A lesser lustre for the Australian dollar

Re-emergence of market risk, rate cut expectations and soft commodity prices have undercut support for the Australian dollar, but it should remain at levels that are still historically high.

Apart from the fact that it was a silly idea anyway, Paul Howes’ plea for changes to the Reserve Bank’s charter to allow it to try to actively influence the value of the Australian dollar was poorly timed, given that the dollar is now trading at its lowest levels in three months and about 7.5 cents below last year’s peak.

That could, of course, change. Part of the explanation for the sharp fall in the dollar against the US dollar over the past three weeks in particular is the renewed anxiety about the stability of the eurozone, a nervousness that has increased sharply in the past week as fresh doubts about the ability of Spain and Italy to implement their tough fiscal programs surfaced.

While the eurozone and US – awash with the liquidity pumped out by their central banks risk assets – and the US sharemarket in particular had been on something of a run over the past three months, it appeared that the European Ponzi trick of the European Central Bank lending € 1 trillion of cheap three-year money to southern European banks so that they could buy their countries’ sovereign debt to keep bond yields down had worked.

The ECB interventions, however, weren’t solutions to the eurozone’s problems but simply bought some breathing space and, it transpires, a false sense of optimism that the worst of the eurozone crisis was over – which took some of the pressure off the politicians charged with implementing austerity programs.

All through last year it was obvious that whenever the risks of an imminent implosion in Europe receded the Australian dollar – and its Canadian counterpart – rose as all the cheap liquidity parked around the globe was deployed into ‘riskier’ assets.
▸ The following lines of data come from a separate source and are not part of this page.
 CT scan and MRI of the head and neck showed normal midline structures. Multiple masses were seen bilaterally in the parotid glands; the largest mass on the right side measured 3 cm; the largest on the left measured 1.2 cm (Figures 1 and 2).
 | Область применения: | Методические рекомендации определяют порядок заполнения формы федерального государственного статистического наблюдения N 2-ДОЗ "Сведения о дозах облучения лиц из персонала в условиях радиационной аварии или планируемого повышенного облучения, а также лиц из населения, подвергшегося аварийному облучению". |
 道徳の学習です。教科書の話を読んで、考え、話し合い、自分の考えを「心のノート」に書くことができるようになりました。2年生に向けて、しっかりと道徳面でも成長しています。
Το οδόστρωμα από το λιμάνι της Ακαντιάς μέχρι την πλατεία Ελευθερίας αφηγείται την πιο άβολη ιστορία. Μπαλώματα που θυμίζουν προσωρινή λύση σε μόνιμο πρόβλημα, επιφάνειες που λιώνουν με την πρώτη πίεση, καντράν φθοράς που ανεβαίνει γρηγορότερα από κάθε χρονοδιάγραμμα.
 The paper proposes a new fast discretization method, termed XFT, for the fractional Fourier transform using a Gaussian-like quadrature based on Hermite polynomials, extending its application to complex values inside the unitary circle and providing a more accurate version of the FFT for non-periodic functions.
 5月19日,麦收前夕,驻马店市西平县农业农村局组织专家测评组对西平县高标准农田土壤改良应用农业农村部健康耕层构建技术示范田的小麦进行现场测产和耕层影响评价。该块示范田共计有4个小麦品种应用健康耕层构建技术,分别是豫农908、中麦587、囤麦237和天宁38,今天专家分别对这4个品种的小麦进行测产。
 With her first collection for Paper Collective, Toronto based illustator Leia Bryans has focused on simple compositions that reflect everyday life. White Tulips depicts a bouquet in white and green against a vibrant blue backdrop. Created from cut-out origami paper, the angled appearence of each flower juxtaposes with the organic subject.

Conversely, at the first hint of bad news in Europe, or the US, those funds flooded out of risk assets and back into the perceived safe havens of US Treasuries and gold.

The combination of the fresh wobbles in Europe and last week’s weak US employment numbers mean that this is very much a ‘risk on’ environment and therefore the speculative support for the Australian dollar – attractive by the high real returns in the bond market – isn’t there.
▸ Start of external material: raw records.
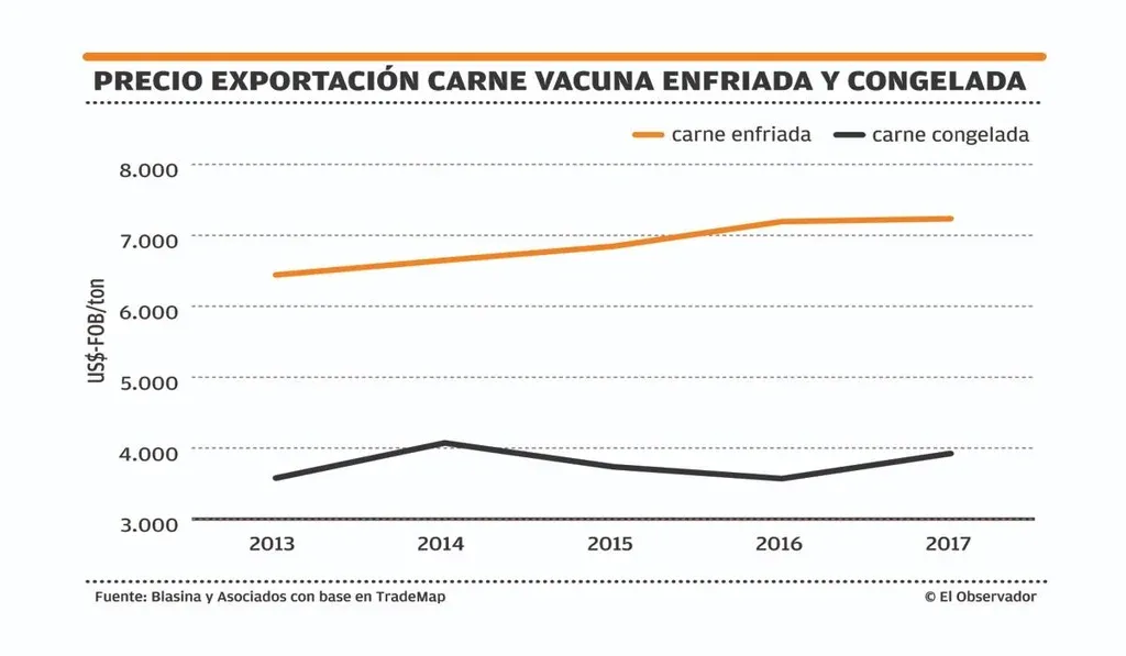 El tiempo de tránsito de Uruguay supera los 45 días, mientras el de Australia y Estados Unidos es de 20 días. “Hay que ver los riesgos y oportunidades en ese tema”, en referencia a la posibilidad de exportar carne enfriada, explicó el industrial. Una corriente que quedó también habilitada para China esta semana a través del protocolo acordado.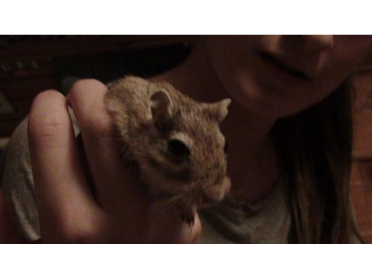 Han har tre ben, efter han kom op og slås med sin bror. Han er brun, og hvid på maven, med store sorte øjne. Han bor i et akvarium med masser af trælegetøj. Han elsker når jeg har renset hans bur, og lagt et stort lag savsmuld, som han kan grave store gange i.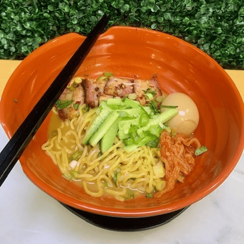 Ramen Noodle Mixes Sichuan Style Hot & Spicy Sauce Feature: Spicy Topping with Chashu (Grilled Spicy Pork Belly- 4 Pieces in Square Size), Shredded cucumber, Shredded Carrot, Red Bell pepper, Green Onion, Cilantro, Roasted Sesame Seed. Notice: Lo Mein is noodle with sauce, it doesn't come with broth.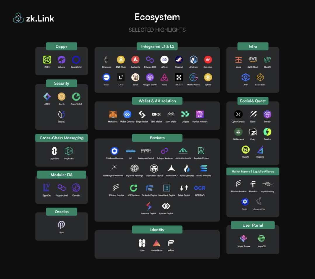 zkLink 是由 Coinbase Ventures, Arrington Capital, DeFi Alliance, Huobi Ventures, Solana Ventures, Polygon Ventures 等知名机构投资的基于 ZK-Rollup 技术的多链中间件,它通过「ZK-Rollup + 预言机网络」的机制,实现了多链功能以及对经典 ZK-Rollup 的扩展。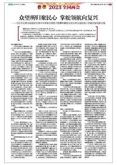从城市到农村,从沿海到边疆,广大干部群众一致认为,这是党心所向、民心所向、众望所归。大家表示,征程越是壮阔,目标越是远大,越需要核心的掌舵定向、真理的指引领航。我们要更加紧密地团结在以习近平同志为核心的党中央周围,坚持以习近平新时代中国特色社会主义思想为指导,顽强拼搏、团结奋斗,沿着中国式现代化这条康庄大道阔步前进。
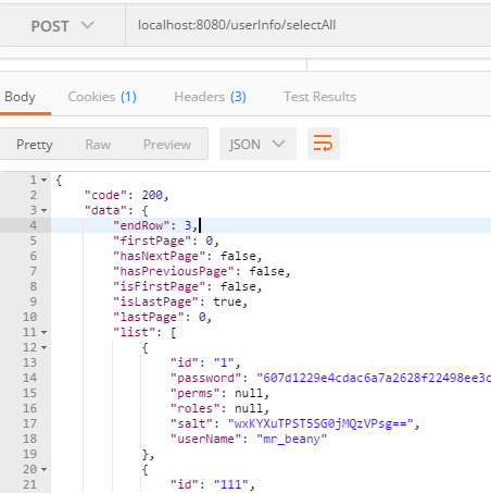 输入localhost:8080/userInfo/selectAll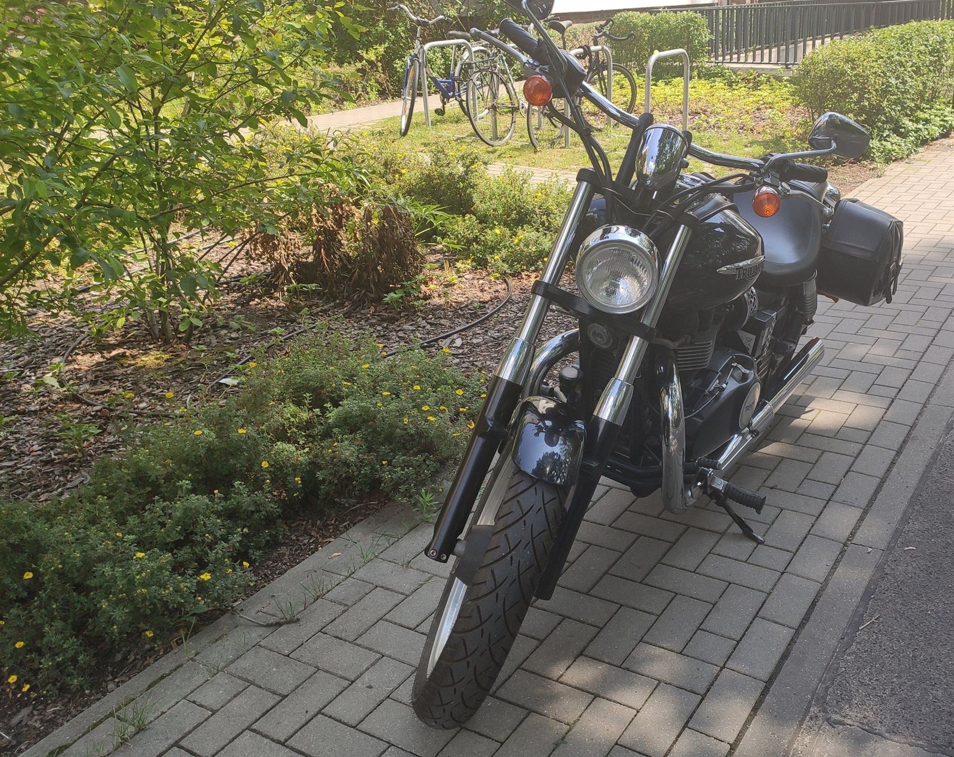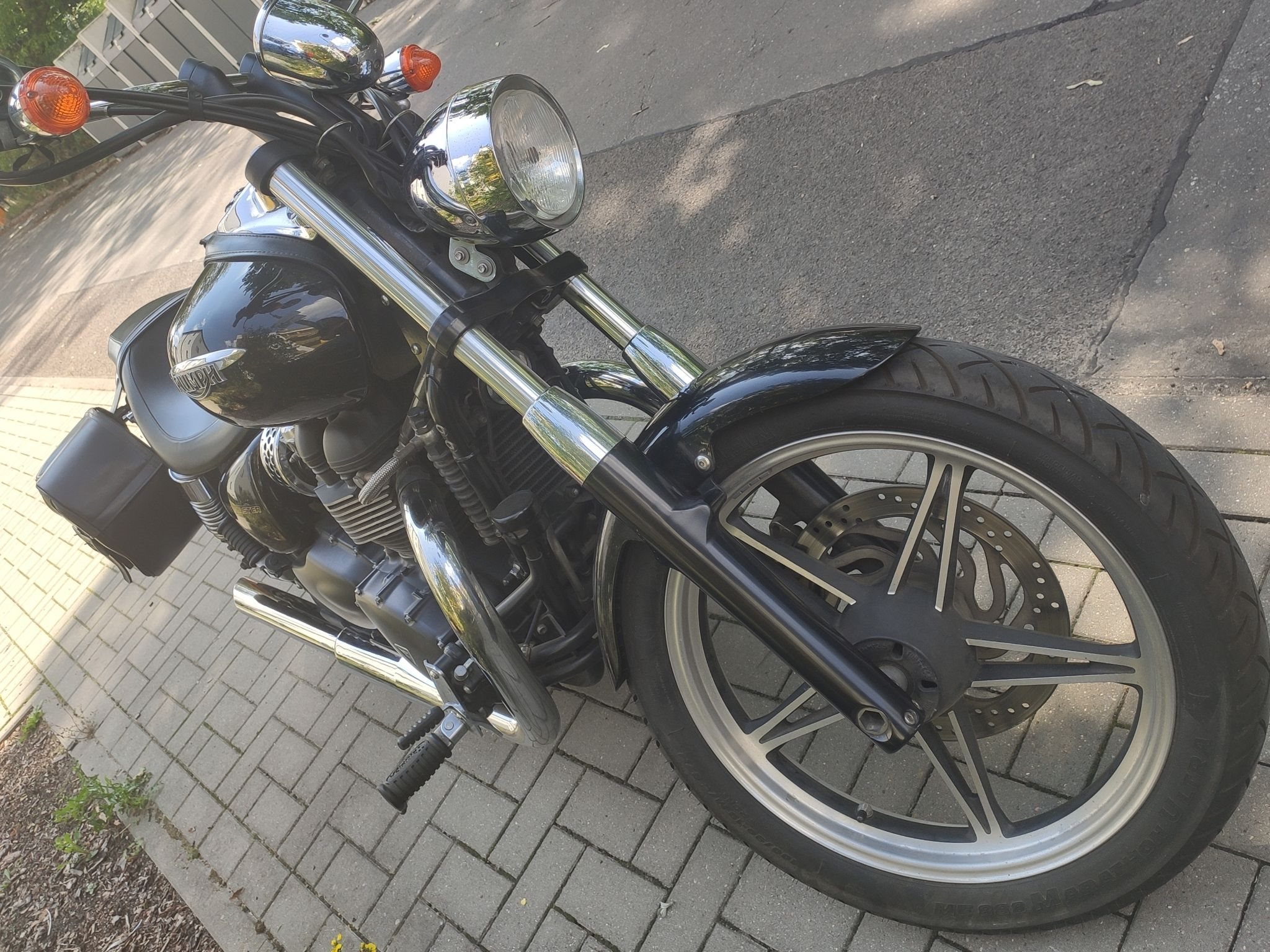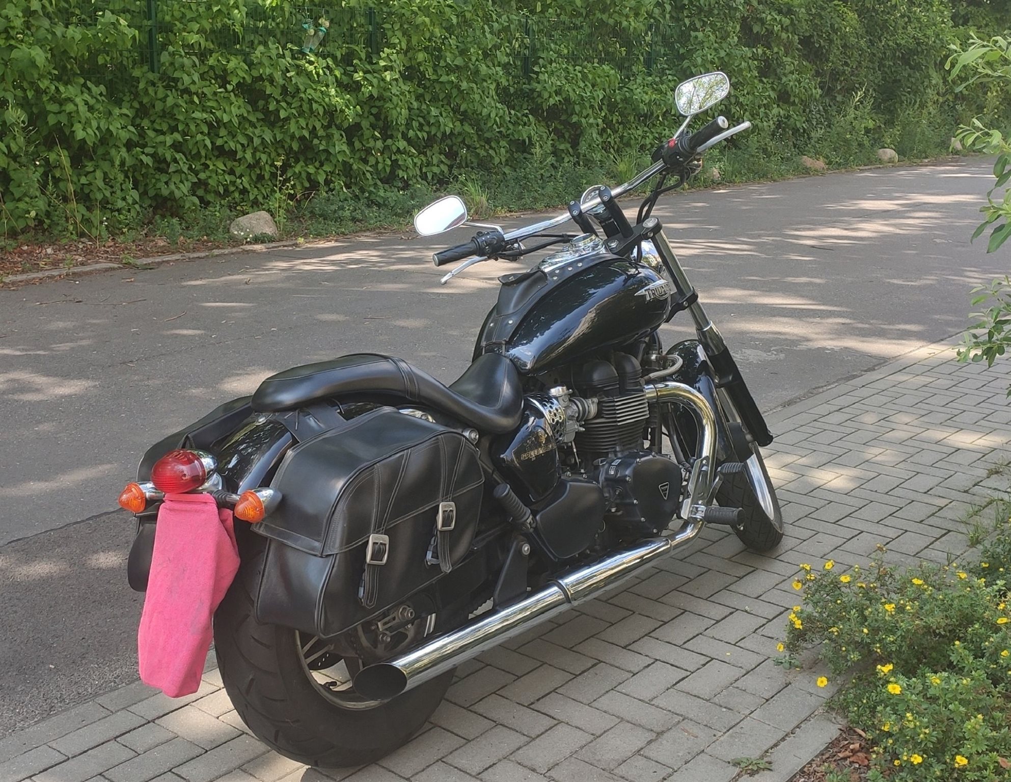 Extras am Bike: Original Triumph Leder-Satteltaschen, Leder-Tankschoner, abschließbarer Tankdeckel.

There is, of course, another reason for the dollar’s weakness and one that could keep a lid on its value for some time.

Our terms of trade have peaked, at least for the moment, with commodity prices down across the board, driven by the deliberate slowing in China’s growth rate and the maturation of the infrastructure phase of its development.

China is now targeting growth of 7.5 per cent this year, which would be its lowest rate of growth in eight years, and there are some concerns that it might undershoot even that target. With both the European and US economies still stalling and the Chinese deliberately slowing their domestic activity it isn’t surprising that China’s growth rate has tapered (On the cusp of a China rebalancing, April 11).
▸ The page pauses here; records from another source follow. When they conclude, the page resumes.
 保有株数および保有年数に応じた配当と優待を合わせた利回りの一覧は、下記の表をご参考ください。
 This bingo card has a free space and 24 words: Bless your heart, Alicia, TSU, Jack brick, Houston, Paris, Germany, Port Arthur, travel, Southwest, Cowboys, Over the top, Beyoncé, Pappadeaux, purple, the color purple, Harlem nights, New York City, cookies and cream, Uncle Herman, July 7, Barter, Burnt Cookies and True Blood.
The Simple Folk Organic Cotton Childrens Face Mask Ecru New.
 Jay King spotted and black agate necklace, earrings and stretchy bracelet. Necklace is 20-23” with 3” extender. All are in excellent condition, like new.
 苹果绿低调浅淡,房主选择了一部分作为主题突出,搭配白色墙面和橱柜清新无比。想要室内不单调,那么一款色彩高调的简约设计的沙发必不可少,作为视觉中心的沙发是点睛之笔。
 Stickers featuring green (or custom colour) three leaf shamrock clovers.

If commodity prices don’t surge again, and the eurozone remains a threat to global stability and growth – as one would expect it to be for some years even if the potential implosions of the too-big-to-fail/too-big-to-rescue southern European economies are avoided – it would difficult to imagine the Australian dollar climbing back towards the $US1.10 level unless for some reason there was an historic loss of confidence in the US dollar.

With the Reserve Bank signalling last week that it is inclined, the March quarter CPI outcome permitting, to cut official rates again next month, there is another reason for our dollar to be a little weaker.

It should, however, remain at levels that are still historically high because, while China’s growth rate has slowed it is still solid growth over a vastly larger economic base than it had before it ignited the resources boom and resource companies are still scrambling to expand their output to supply that growth.

That is having, and will continue to have, a significant adverse impact on manufacturing industry and tourism. There is a major restructuring of the non-resource side of the economy occurring, with considerable job losses. A highly contractionary budget, combined with the looming introduction of the carbon tax, isn’t going to help.

A significant further weakening in the value of the dollar – a return to its pre-boom levels – however, while highly unlikely, might be an even worse outcome as it would probably signal that the resources boom was over and that the hundreds of billions of dollars being invested in expanding the sector’s capacity had been wasted.